Content (course unit)

Course content is:
- Data collection and Data Preprocessing
- Visual analytics process
- Basic methods of Statistics and Classical Data Analysis
- Data analysis with Analytics Tools and Python
- Visualization models
- Critical evaluation of results

Further information (course unit)

Includes content of previous Mathematics 3 course. The course eliminates duplication observed in courses.

Assessment criteria, satisfactory (1-2) (course unit)

Student can sufficiently implement data collection and data preprocessing for a given task. Student knows how to implement visual analytics processes. Student knows some basic methods of statistics and classical data analysis. The student can solve some given data analysis problems with analytics tools or python. Student can use given visualization models. Student understands the meaning of the results.

Assessment criteria, good (3-4) (course unit)

Student can implement data collection and data preprocessing for a given task. Student can implement visual analytics processes. Student knows and understands basic methods of statistics and classical data analysis. The student can solve given data analysis problems with analytics tools and python. Student knows and can exploit given visualization models. Student can evaluate the meaning of the results.

Assessment criteria, excellent (5) (course unit)

Student can implement data collection and data preprocessing with the appropriate methods. Student can implement various visual analytics processes. Student knows and understands in depth basic methods of statistics and classical data analysis. The student can solve versatile data analysis problems with analytics tools and python. Student knows and can exploit visualization models as appropriate. Student can critically evaluate and interpret the meaning of the results.

Exam schedules

No exam.

Assessment scale

0-5

Teaching methods

Contact teaching
Assignments (the primary learning method)
Group work and presentation

Learning materials

Moodle course with links to additional material.

Student workload

See the period timetable. See the Moodle course for instructions when and how to attend the contact teaching hours.

Further information

NOTE: In accordance with the current Covid-19 guidelines, teaching in the Industrial Technology Unit shall be arranged (at least) UNTIL January 16, 2022 ONLY ONLINE.I .e. the course at least starts remotely via MS Teams.
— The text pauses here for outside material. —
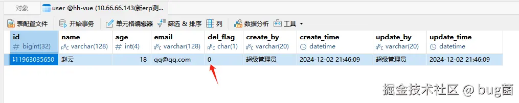 接着我们查验下数据库其逻辑删除字段,可以看到,自动将其改成了2。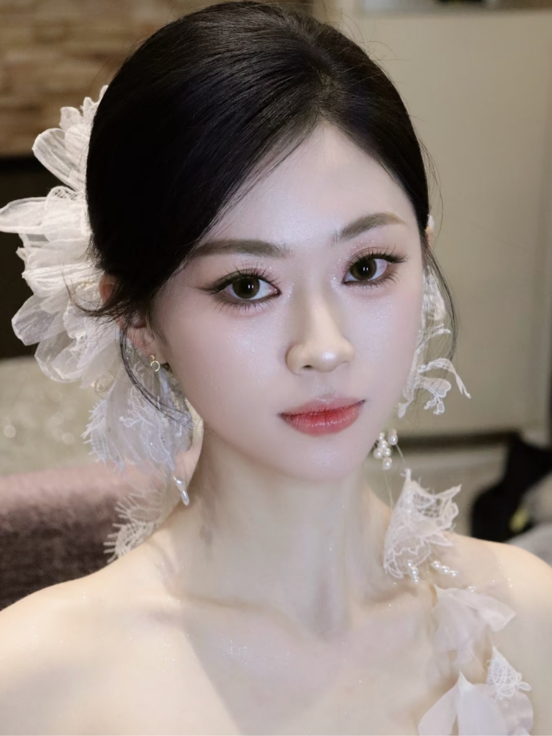 “化妆师很专业,试妆的时候皮肤有些干燥化妆师细心的给我湿敷后妆容清透干净全程很贴心。我回去后自己按照化妆师每天做面膜婚礼当天妆容很持久。强烈推荐

Old info (prior to the aforementioned covid instructions): By default, the course would be organized f2f at TAMK main campus (partial remote or hybrid participation via MS Teams might be available). See the Moodle course for instructions how to attend the contact teaching hours: https://moodle.tuni.fi/course/view.php?id=24456 . Please note that any additional covid restrictions might imply organizational changes to the course.

Assessment criteria - fail (0) (Not in use, Look at the Assessment criteria above)

Less than 30% of the exercises completed.

Assessment criteria - satisfactory (1-2) (Not in use, Look at the Assessment criteria above)

The student is familiar with the essential concepts and can implement simple applications with specific instructions. At least 30% of the exercises completed.

Assessment criteria - good (3-4) (Not in use, Look at the Assessment criteria above)

The student is familiar with the basic concepts and can implement simple applications autonomously. At least 60% of the exercises completed.

Assessment criteria - excellent (5) (Not in use, Look at the Assessment criteria above)

The student is familiar with the main concepts, is able to critically evaluate application requirements, and can implement realistic applications autonomously. At least 90% of the exercises completed. A good group work completed and presented.